Verlander made $28 million this season, and he signed a two-year, $66 million extension. The big right-hander, who threw a no-hitter on September 1 against the Toronto Blue Jays, went 21-6 with a 2.58 ERA.

The Astros’ second-highest paid player earns just over half what Verlander does. Outfielder Michael Brantley came over from the Cleveland Indians, and made $15 million in the first year of a two-year, $32 million deal. Brantley hit .311 with 22 home runs and 90 RBI in 148 games.

Houston beat out New York at the trade deadline to acquire of the best pitchers in baseball, Zack Greinke, from the Arizona Diamondbacks.
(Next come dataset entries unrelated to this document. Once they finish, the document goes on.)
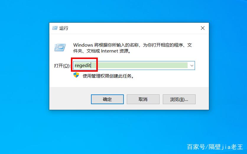 1、按下Win+R,打开运行窗口,输入regedit,打开注册表。如下图所示:
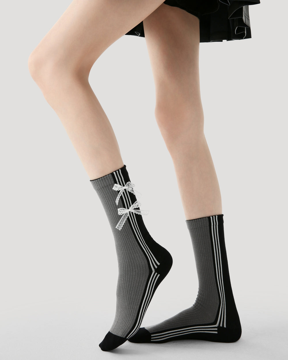 디자인: 그레이 세로 스트라이프 리본 매듭 골지
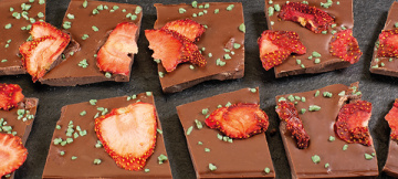 Erdbeere & Minze - Vollmilchschokolade mit getrockneten Erdbeeren & Minze Zutaten: Zucker, Kakaobohnen, Kakaobutter, VollMILCHpulver, ERDBEEREN, Minzecrispies (Zucker, Minze, Gummi Arabicum, Bienenwachs, Farbstoff E141), Emulgator: Lecithin (Sonnenblumen); 52,5 % Kakaogehalt in der Milchschokolade - Kakaosorte: Arriba Nacional - Ecuador Unsere Manufakturschokolade kann Spuren von Nüssen aller Art enthalten. Vor Wärme geschützt lagern Nährwerte je 100g: Energie 2425kJ(581kcal) Fett 43g davon gesättigte Fettsäuren 22g Kohlenhydrate 42g davon Zucker 37g Eiweiß 8g Salz
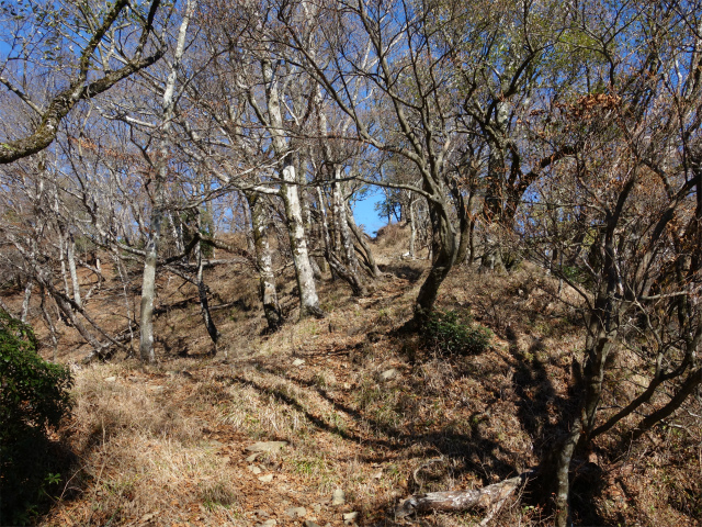 左手に木間から丹沢主稜を見ながら薄い踏み跡を辿ります。
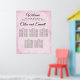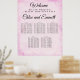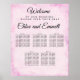 Blush pink watercolor 5-table Wedding Seating Chart. Welcome and the wedding couple names are written in an elegant and classic script font. All text can be editied. The blush pink watercolor wash background has a subtle edge to define your sign.
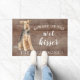Funny Vorsicht vor dem nassen Kisser" Welsh Terrier Dog Türmatte Set auf einem rustikalen Imitat Hintergrund. Besuchen Sie unseren Shop, um eine große Auswahl an Hundebrotten zu sehen
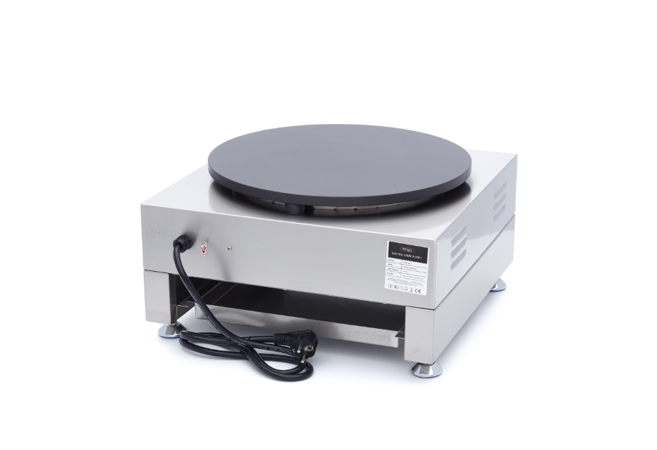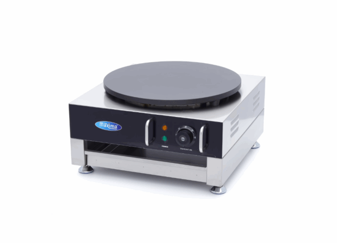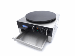 På denne enkelte elektriske crepemaskine kan du lave de lækreste crepes, tynde franske pandekager. Friske hjemmelavede crepes er ideelle til morgenmad, frokost, dessert eller som en nem snack. Den kompakte størrelse sikrer, at du kan bruge crepemaskinen ikke kun i dit cateringkøkken, men også i en kagebod, foodtruck eller ved en markedsbod under events. Der er en opbevaringsskuffe under crepe-bagepladen, hvor du kan opbevare de crepes, du har lavet. Bagepladen har optimal varmeoverførsel til hurtig produktion af store portioner crepes.
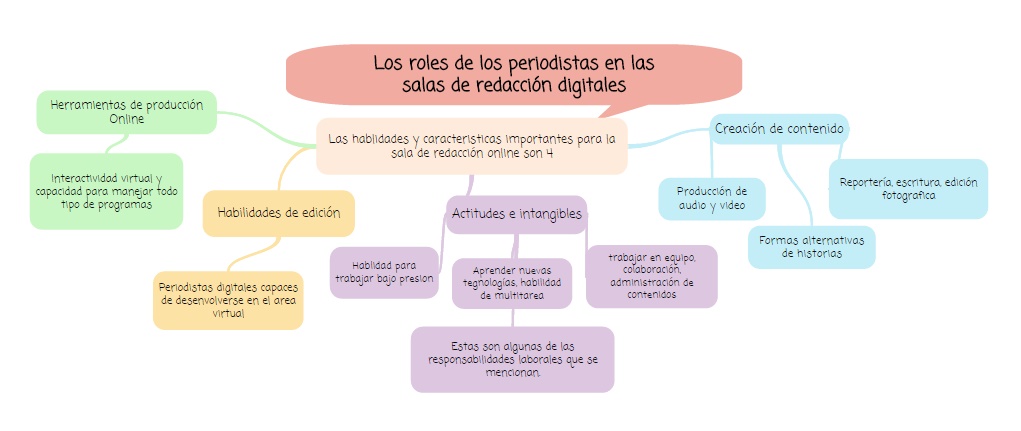 Mapa conceptual Los roles de los periodistas en las salas de redacción digitales.
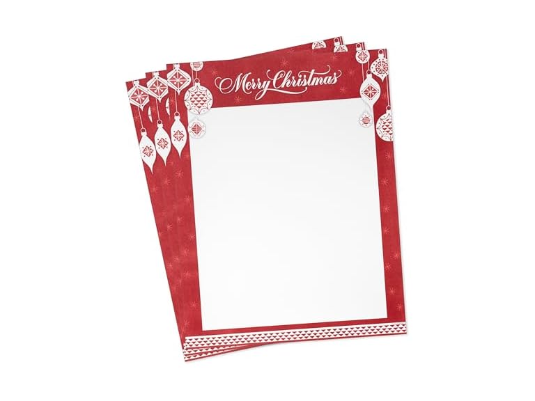 - Purchase includes 60 sheets of holiday newsletter paper featuring red and white ornaments and script "Merry Christmas" lettering
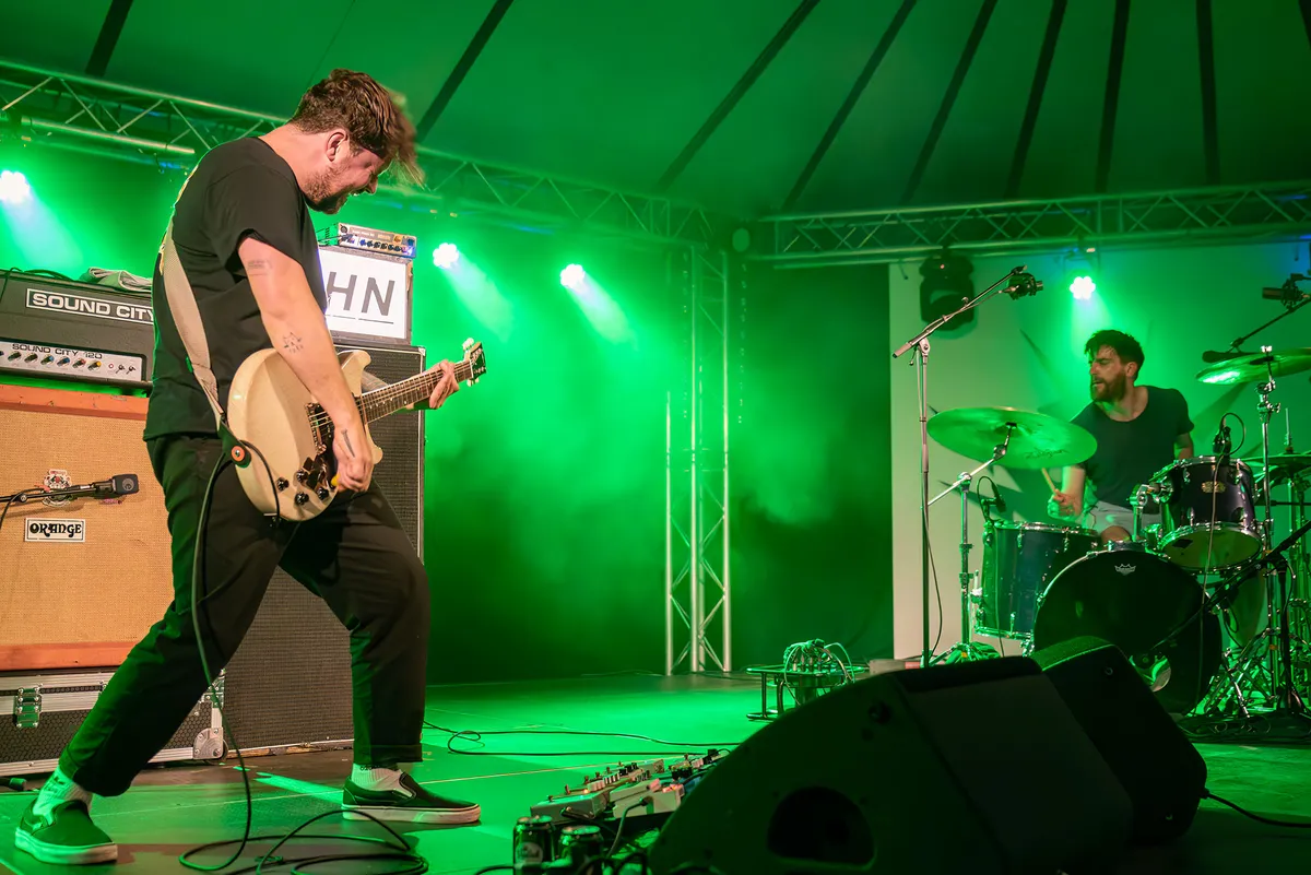 Verrassing van de avond is het Britse JOHN. Dit duo (John en John) uit de Britse hoofdstad Londen is overgevlogen naar Ovezande. JOHN werd eerder al opgepikt door BBC6 en The Guardian was ook al tijdig bekend geraakt met dit duo, dat wordt gezien als de nieuwe Idles. Voor nu, Ovezande. Het is harde noise en moddervet. Het publiek laat zich meenemen in hun set en de band blijkt de grote verrassing van het festival.
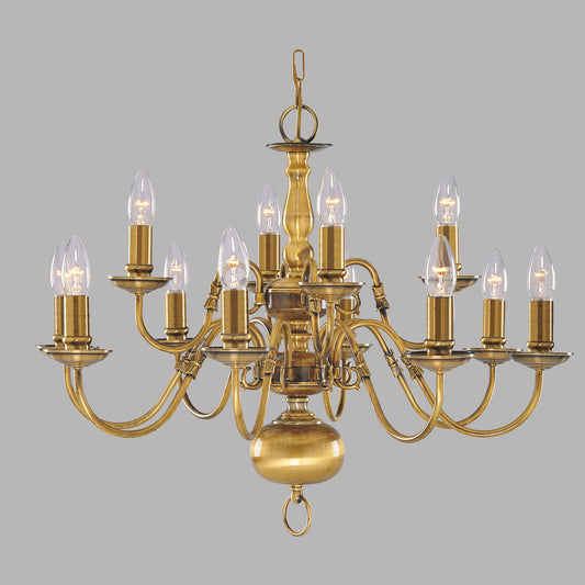 Flemish 12 Light Antique Brass Candle Lamp Pendant
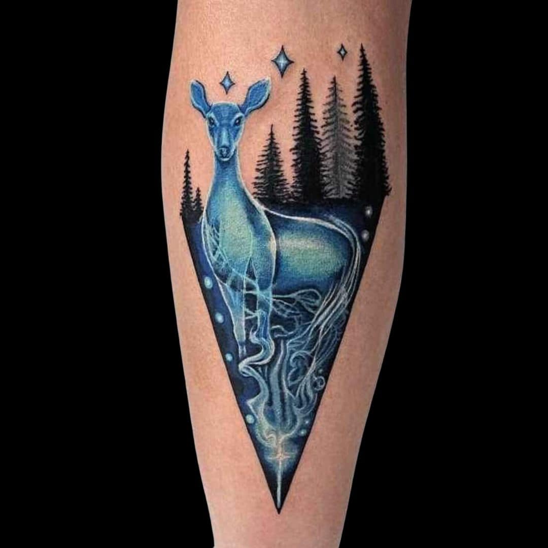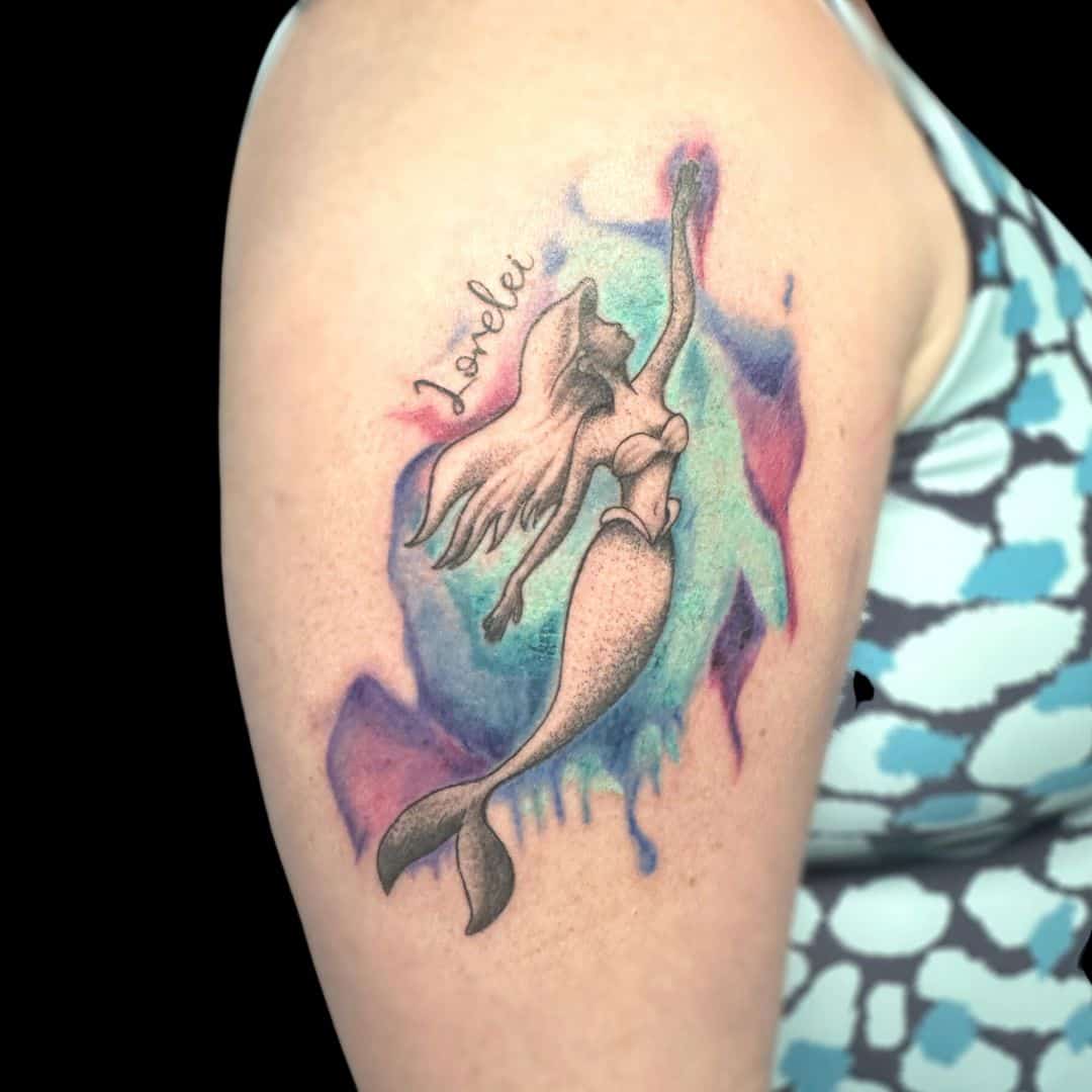These tattoos often feature mythical creatures, enchanted scenes, and whimsical elements, all brought to life with the fluid and ethereal style of watercolour art.
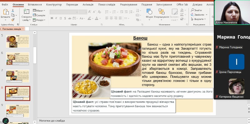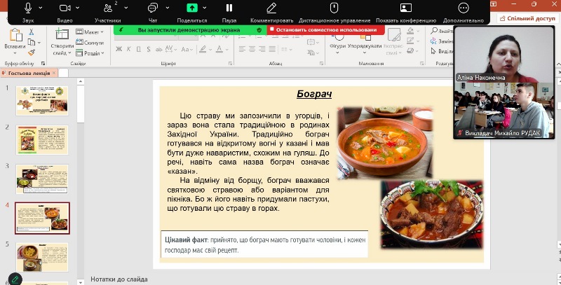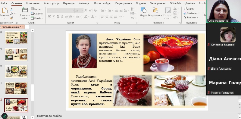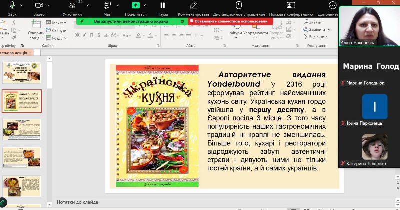 Українська кухня входить до десятки кращих кухонь світу й трійки найпопулярніших кухонь Європи. У європейських ресторанах опановують приготування борщу, голубців, вареників, бограчу та узвару. Лекторка ознайомила слухачів із українськими традиційними стравами, навела приклади складання традиційного меню, сервірування та подання їх до столу.
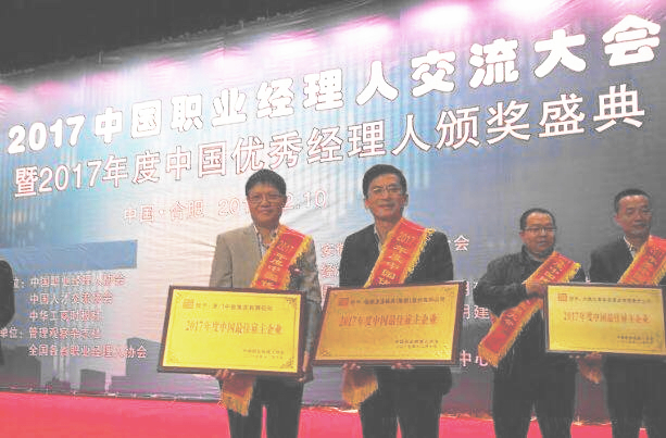 ????2017年12月10-11日, 由中國職業經理人協會、中國人才交流協會、中國工商時報社共同主辦,由管理觀察雜志社、各省職業經理人協會共同承辦的2017中國職業經理人大會在安微合肥隆重召開。會上,公司被授予“2017年度中國最佳雇主企業”稱號。公司副總經理鄭長虹受邀參加此次盛會,并領取了獎牌。
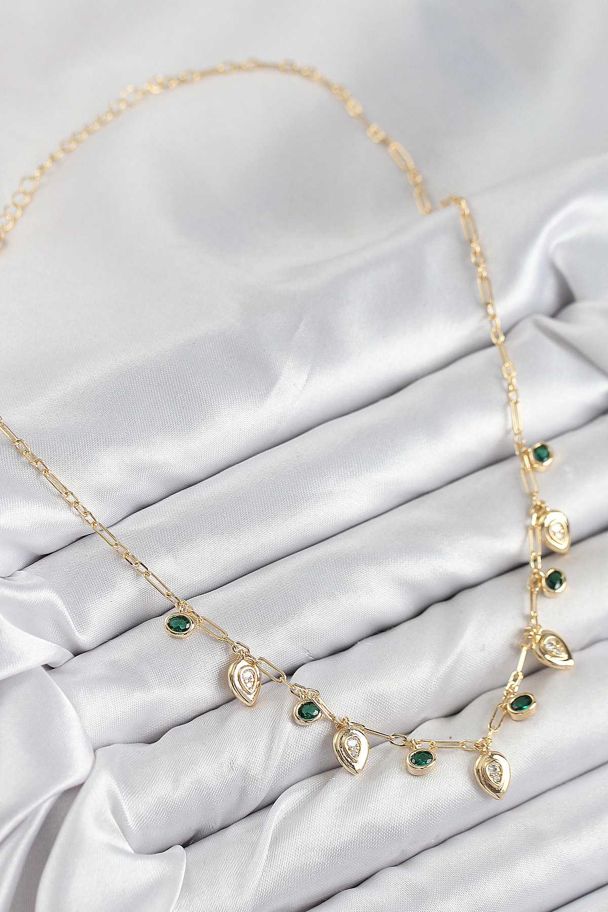 Pirinç Zirkon Taşlı Sallantılı Damla Model Gold Renk Kadın Kolye
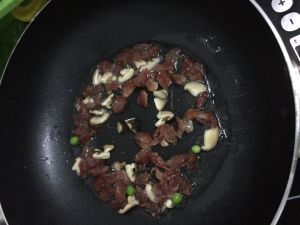 腊肠香菇爆油。前面我已经煲好了饭,晾凉。煮饭时下点油跟盐,这样饭有点咸味,后面配料就不用下太咸。
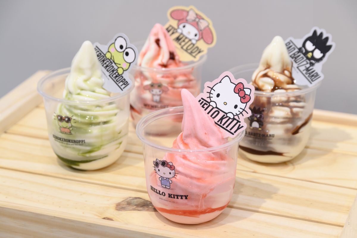 這次「三麗鷗悠閒時光期間限定店」更推出牛奶、草莓兩種口味的冰淇淋及冰淇淋汽水,杯身分別有HELLO KITTY、美樂蒂、酷企鵝、大眼蛙四款可愛圖樣,還會依造各種不同角色撒上限定糖漿,清爽鮮甜又消暑的冰淇淋妞妞們絕對要來一支呀~
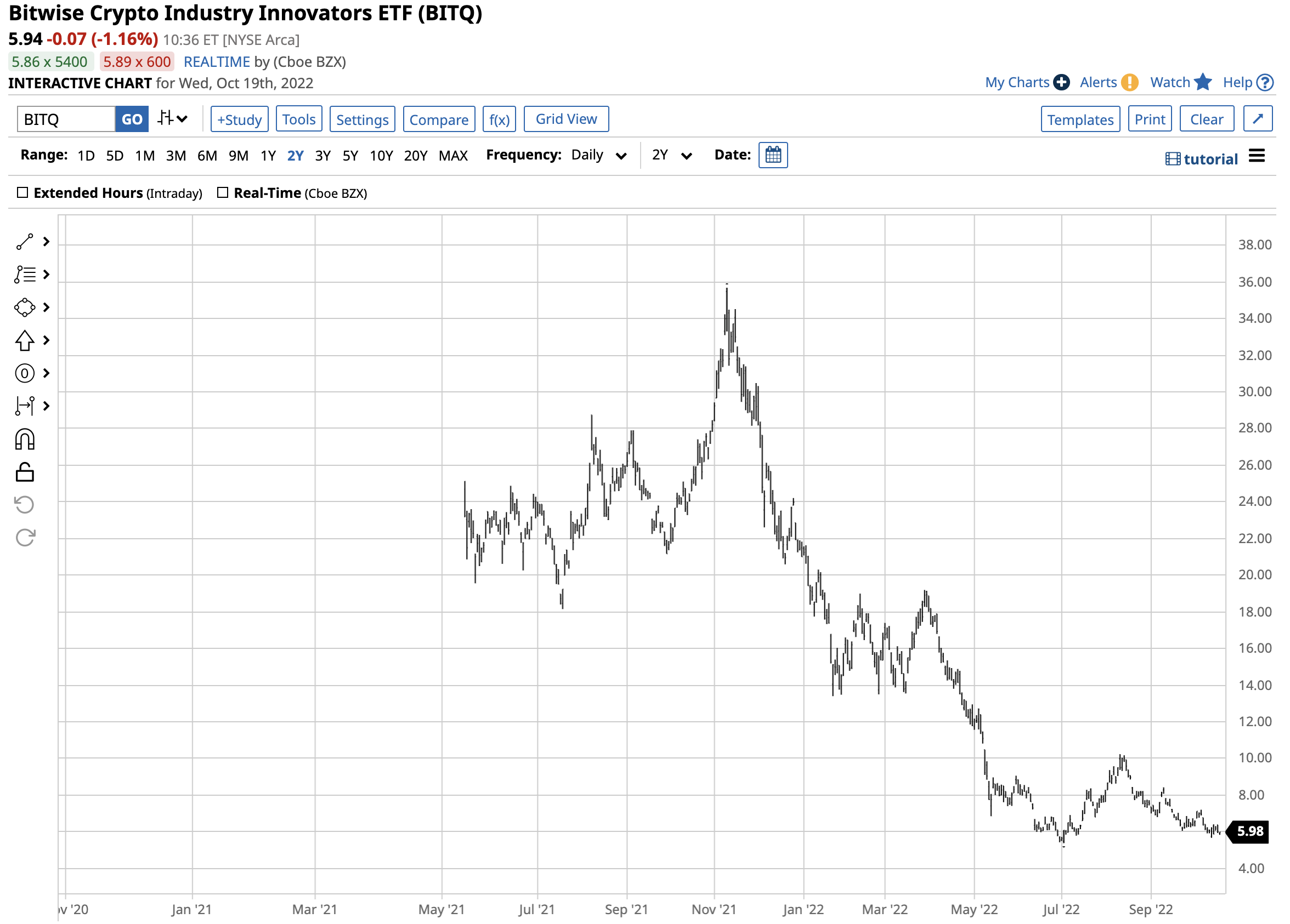 The chart shows BITQ rose to a $35.68 per share high in November 2021 when Bitcoin and Ethereum rallied to record peaks. The ETF fell to a low of $5.39 in early July, just after the leading cryptos reached the most recent bottoms. BITQ fell 84.9% over the period.Â
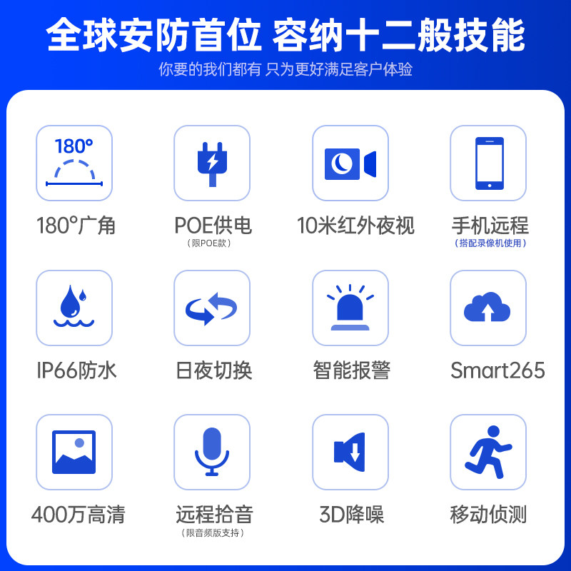 180° wide angle poe power outdoor rain proof support recording 180° wide angle poe power supply indoor recording support
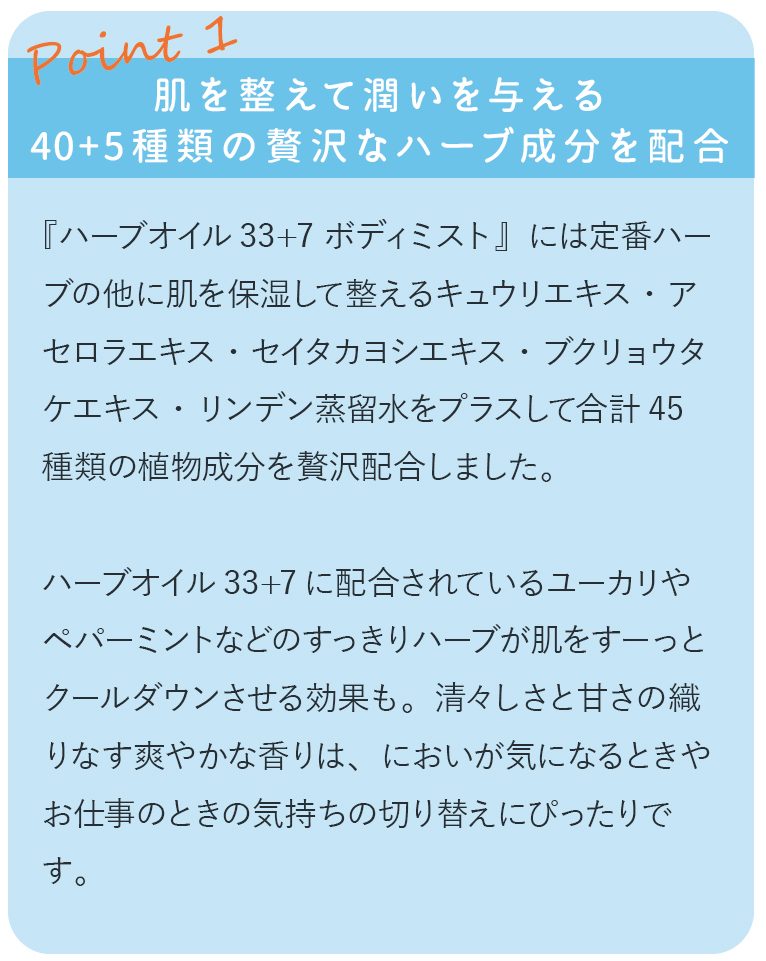 40種類のハーブをブレンドした人気の『ハーブオイル33+7』がボディミストに!リフレッシュタイムを楽しみながら肌を潤す全身用ミストスプレーです。

Houston absorbed the final two-plus years of the right-hander’s salary signed a 6 year / $206,500,000 contract with the Arizona Diamondbacks, including a $18,000,000 signing bonus, $206,500,000 guaranteed, and an annual average salary of $34,416,667.

Greinke went 8-1 with a 3.02 ERA in his time with Houston, who was able to take on his contract because they did not re-sign one of their best starting pitchers, Dallas Keuchel, after the 2018 season. The left-hander was seeking a similar deal to Greinke’s, and he wound up signing in June with the Atlanta Braves.